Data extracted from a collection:
==*==
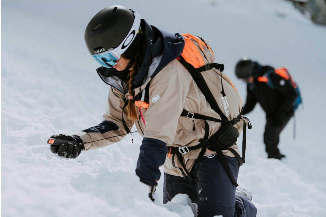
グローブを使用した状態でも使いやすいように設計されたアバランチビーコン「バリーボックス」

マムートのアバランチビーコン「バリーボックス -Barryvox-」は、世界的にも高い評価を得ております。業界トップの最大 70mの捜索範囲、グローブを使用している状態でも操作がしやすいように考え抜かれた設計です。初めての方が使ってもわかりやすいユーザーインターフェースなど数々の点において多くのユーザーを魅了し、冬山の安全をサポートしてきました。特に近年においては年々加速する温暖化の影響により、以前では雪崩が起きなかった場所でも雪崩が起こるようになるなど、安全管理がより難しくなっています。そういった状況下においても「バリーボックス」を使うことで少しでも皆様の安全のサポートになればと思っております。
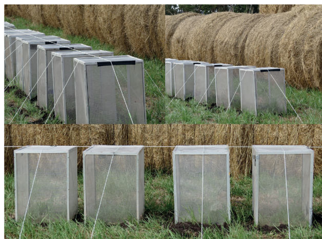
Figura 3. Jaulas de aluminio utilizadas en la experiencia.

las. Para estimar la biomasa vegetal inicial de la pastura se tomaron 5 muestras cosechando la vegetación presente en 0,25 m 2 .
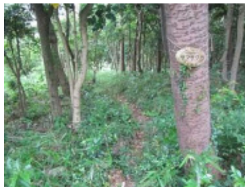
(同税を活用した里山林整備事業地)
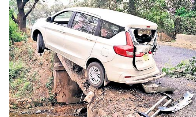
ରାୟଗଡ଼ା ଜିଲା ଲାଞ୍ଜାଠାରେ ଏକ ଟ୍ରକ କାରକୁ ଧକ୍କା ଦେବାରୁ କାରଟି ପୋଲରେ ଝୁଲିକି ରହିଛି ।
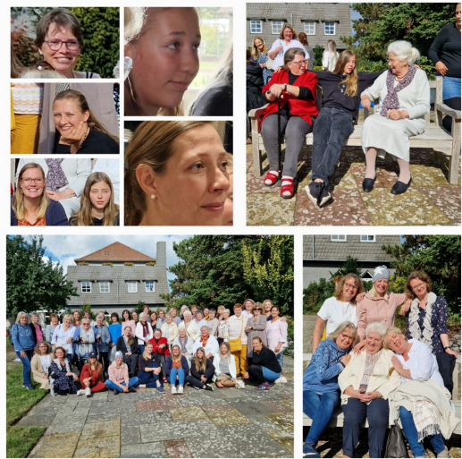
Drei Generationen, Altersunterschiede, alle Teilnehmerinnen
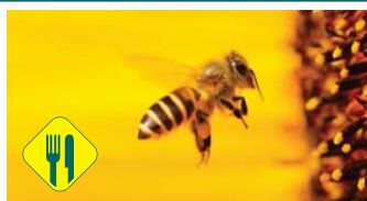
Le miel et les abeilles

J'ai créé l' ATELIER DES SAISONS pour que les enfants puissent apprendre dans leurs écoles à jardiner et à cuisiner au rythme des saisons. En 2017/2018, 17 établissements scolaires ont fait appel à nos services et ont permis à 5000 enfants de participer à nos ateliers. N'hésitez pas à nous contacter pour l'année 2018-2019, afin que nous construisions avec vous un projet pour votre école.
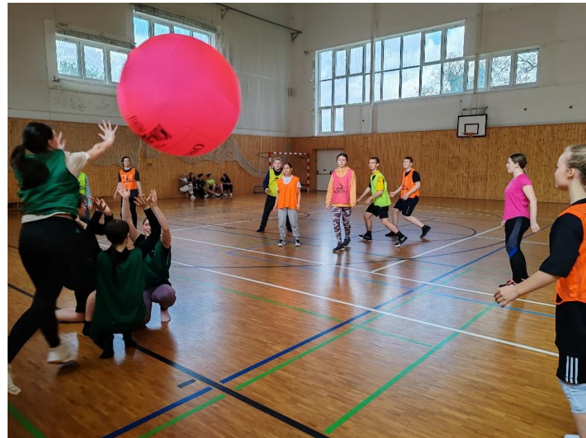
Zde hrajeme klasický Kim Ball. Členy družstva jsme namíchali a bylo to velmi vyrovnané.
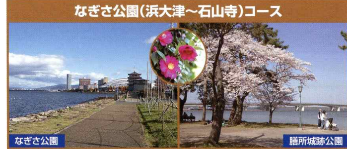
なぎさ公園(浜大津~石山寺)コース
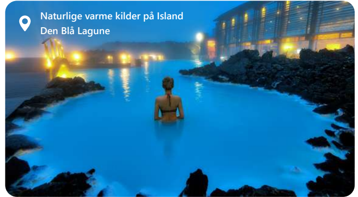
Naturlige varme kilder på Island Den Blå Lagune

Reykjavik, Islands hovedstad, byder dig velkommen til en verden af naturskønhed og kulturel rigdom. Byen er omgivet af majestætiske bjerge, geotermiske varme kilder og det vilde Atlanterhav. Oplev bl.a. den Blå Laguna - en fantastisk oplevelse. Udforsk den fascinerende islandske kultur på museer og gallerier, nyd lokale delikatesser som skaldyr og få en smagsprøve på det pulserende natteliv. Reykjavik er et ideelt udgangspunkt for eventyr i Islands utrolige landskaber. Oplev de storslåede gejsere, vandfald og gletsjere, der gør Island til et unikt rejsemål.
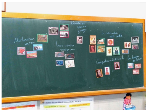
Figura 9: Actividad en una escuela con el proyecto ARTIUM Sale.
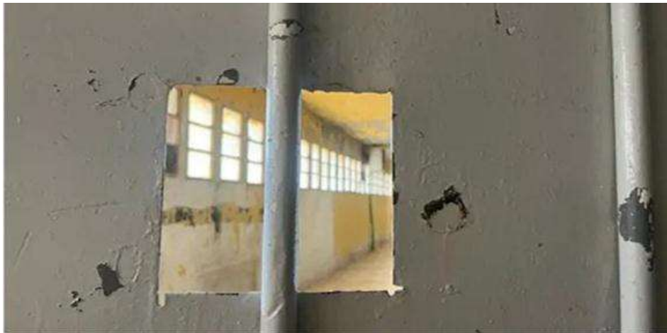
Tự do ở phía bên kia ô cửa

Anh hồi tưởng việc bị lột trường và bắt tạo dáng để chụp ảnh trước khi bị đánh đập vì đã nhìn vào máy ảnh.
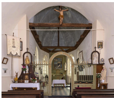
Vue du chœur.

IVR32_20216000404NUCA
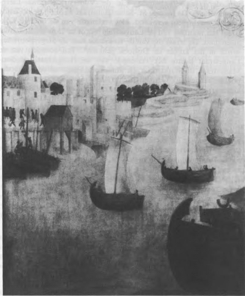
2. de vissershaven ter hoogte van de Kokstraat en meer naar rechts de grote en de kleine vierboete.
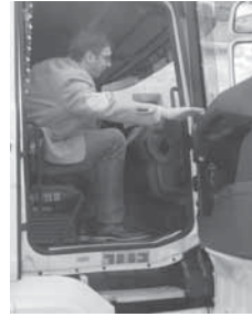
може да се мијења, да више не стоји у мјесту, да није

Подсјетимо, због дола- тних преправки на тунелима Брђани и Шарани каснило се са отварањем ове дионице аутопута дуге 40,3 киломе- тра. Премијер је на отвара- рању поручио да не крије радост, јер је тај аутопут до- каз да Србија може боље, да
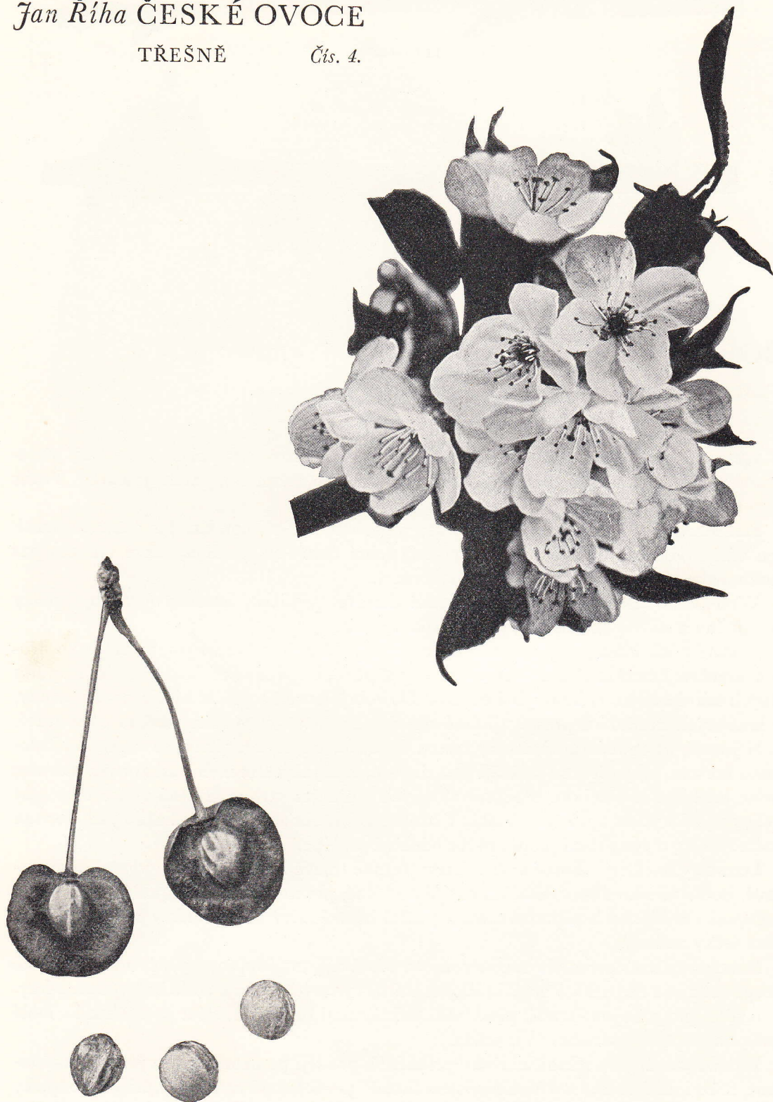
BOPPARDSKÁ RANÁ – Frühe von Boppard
==*==
What is needed>
Where does "kilder" appear in the records above? Copy every line that has it.

Solution to this problem>
Naturlige varme kilder på Island Den Blå Lagune
Reykjavik, Islands hovedstad, byder dig velkommen til en verden af naturskønhed og kulturel rigdom. Byen er omgivet af majestætiske bjerge, geotermiske varme kilder og det vilde Atlanterhav. Oplev bl.a. den Blå Laguna - en fantastisk oplevelse. Udforsk den fascinerende islandske kultur på museer og gallerier, nyd lokale delikatesser som skaldyr og få en smagsprøve på det pulserende natteliv. Reykjavik er et ideelt udgangspunkt for eventyr i Islands utrolige landskaber. Oplev de storslåede gejsere, vandfald og gletsjere, der gør Island til et unikt rejsemål.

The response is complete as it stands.